About this task :: Where a record contains a picture, omit the picture and repeat the rest exactly.

(Records drawn from a dataset)
--*--
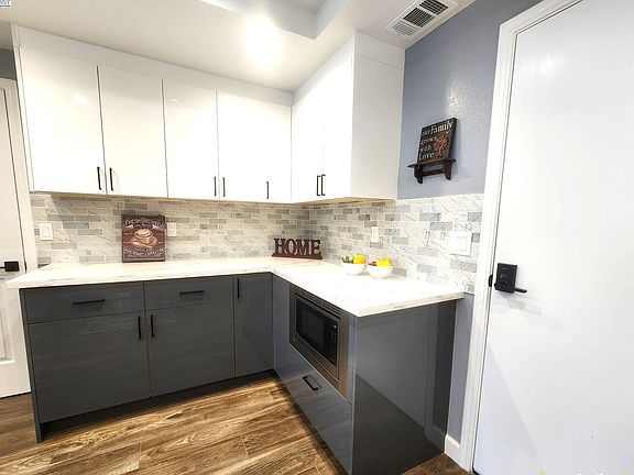 Quiet, turnkey end unit T/H, remodeled in 2022 for approx. $125,000 to perfection. Beautifully positioned at the end of the street. The front door opens to a premier open space & hiking trail to the hill, offering a private outdoor escape. Overlook the rolling hills. Only one side has a neighbor. The modern kitchen has state-of-the-art European cabinets, glass subway tile backsplash, recessed lights, gleaming floor & baseboard. Breakfast nook features modern pendant lights & quality quartz countertops. Waking up every morning to enjoy the magnificent sunrise on the horizon from the primary bedroom. Quality double-pane sliders & windows throughout. The slider leads to a tranquil, premium lot backyard with flagstone flooring, which is great for relaxation after a long working day. The side gate opens directly to the greenbelt open space. Primary suite bath & Hall bath include glass shower door, showerhead, tile enclosure, toilet, vanity, lights & faucet, and barn sliding door. Powder room w/quality custom tile wall, vanity, bathroom fan, & sink faucet. Other upgrades include plantation shutters, ceiling fans, recessed lights throughout, custom finishes on stairs, custom tile F/P & gleaming floors—minutes from the top-rated Coyote Creek Elementary school, park & Black Hawk Plaza.
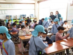 次に1年生の教室へ行き、2組では算数の足し算ができるようになった1年生の発表を聞いて、みのりさんの子どもたちも計算問題を先生から出してもらうと、頑張って答えを発表しました。1組の教室ではこま回しを1年生に教えてもらって楽しみました。
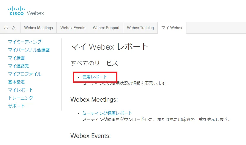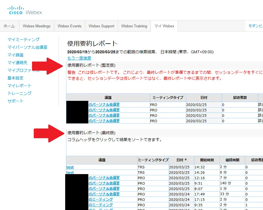 4. A list of meetings will be displayed. If it is displayed in the “Usage summary report (provisional version)”, a proper report has not been generated yet. Please wait for it to be displayed in the “Usage Summary Report (final version)”. Click on the agenda name.
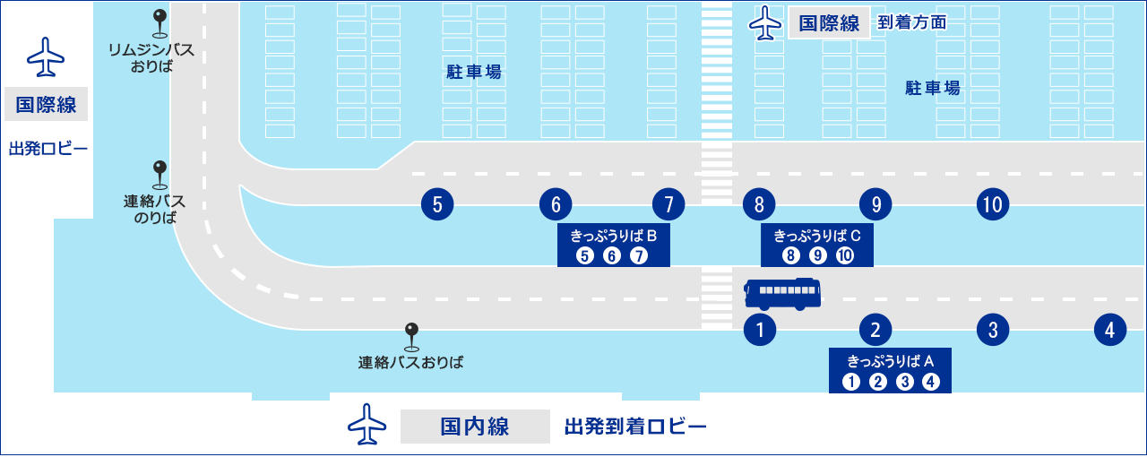 🚨 ワンポイント!一部の路線は第1ターミナルのみ停車する場合があります。乗車予定の便の時刻表やルートは、事前に公式サイトでご確認ください。
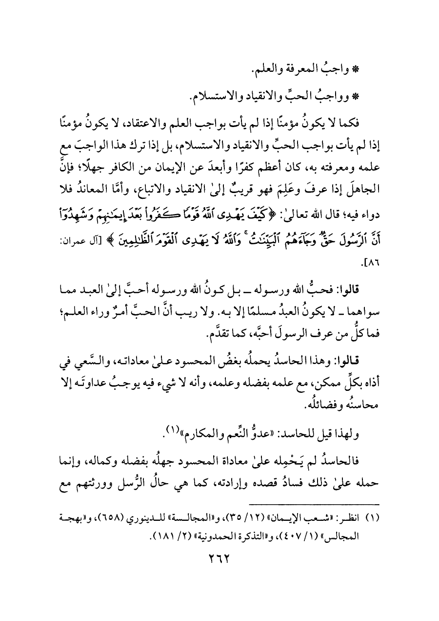 فكما لا يكونُ مؤمنًا إذا لم يأت بواجب العلم والاعتقاد، لا يكونُ مؤمنًا إذا لم يأت بواجب الحبِّ والانقياد والاستسلام، بل إذا ترك هذا الواجبَ مع علمه ومعرفته به، كان أعظم كفرًا وأبعدَ عن الإيمان من الكافر جهلًا؛ فإنَّ الجاهلَ إذا عرفَ وعَلِمَ فهو قريبٌ إلى الانقياد والاتباع، وأمَّا المعاندُ فلا دواء فيه؛ قال الله تعالى: {كَيْفَ يَهْدِي اللَّهُ قَوْمًا كَفَرُوا بَعْدَ إِيمَانِهِمْ وَشَهِدُوا أَنَّ الرَّسُولَ حَقٌّ وَجَاءَهُمُ الْبَيِّنَاتُ وَاللَّهُ لَا يَهْدِي الْقَوْمَ الظَّالِمِينَ} [آل عمران: ٨٦].
--*--
Problem solution ::
 Quiet, turnkey end unit T/H, remodeled in 2022 for approx. $125,000 to perfection. Beautifully positioned at the end of the street. The front door opens to a premier open space & hiking trail to the hill, offering a private outdoor escape. Overlook the rolling hills. Only one side has a neighbor. The modern kitchen has state-of-the-art European cabinets, glass subway tile backsplash, recessed lights, gleaming floor & baseboard. Breakfast nook features modern pendant lights & quality quartz countertops. Waking up every morning to enjoy the magnificent sunrise on the horizon from the primary bedroom. Quality double-pane sliders & windows throughout. The slider leads to a tranquil, premium lot backyard with flagstone flooring, which is great for relaxation after a long working day. The side gate opens directly to the greenbelt open space. Primary suite bath & Hall bath include glass shower door, showerhead, tile enclosure, toilet, vanity, lights & faucet, and barn sliding door. Powder room w/quality custom tile wall, vanity, bathroom fan, & sink faucet. Other upgrades include plantation shutters, ceiling fans, recessed lights throughout, custom finishes on stairs, custom tile F/P & gleaming floors—minutes from the top-rated Coyote Creek Elementary school, park & Black Hawk Plaza.
 次に1年生の教室へ行き、2組では算数の足し算ができるようになった1年生の発表を聞いて、みのりさんの子どもたちも計算問題を先生から出してもらうと、頑張って答えを発表しました。1組の教室ではこま回しを1年生に教えてもらって楽しみました。
 4. A list of meetings will be displayed. If it is displayed in the “Usage summary report (provisional version)”, a proper report has not been generated yet. Please wait for it to be displayed in the “Usage Summary Report (final version)”. Click on the agenda name.
 🚨 ワンポイント!一部の路線は第1ターミナルのみ停車する場合があります。乗車予定の便の時刻表やルートは、事前に公式サイトでご確認ください。
 فكما لا يكونُ مؤمنًا إذا لم يأت بواجب العلم والاعتقاد، لا يكونُ مؤمنًا إذا لم يأت بواجب الحبِّ والانقياد والاستسلام، بل إذا ترك هذا الواجبَ مع علمه ومعرفته به، كان أعظم كفرًا وأبعدَ عن الإيمان من الكافر جهلًا؛ فإنَّ الجاهلَ إذا عرفَ وعَلِمَ فهو قريبٌ إلى الانقياد والاتباع، وأمَّا المعاندُ فلا دواء فيه؛ قال الله تعالى: {كَيْفَ يَهْدِي اللَّهُ قَوْمًا كَفَرُوا بَعْدَ إِيمَانِهِمْ وَشَهِدُوا أَنَّ الرَّسُولَ حَقٌّ وَجَاءَهُمُ الْبَيِّنَاتُ وَاللَّهُ لَا يَهْدِي الْقَوْمَ الظَّالِمِينَ} [آل عمران: ٨٦].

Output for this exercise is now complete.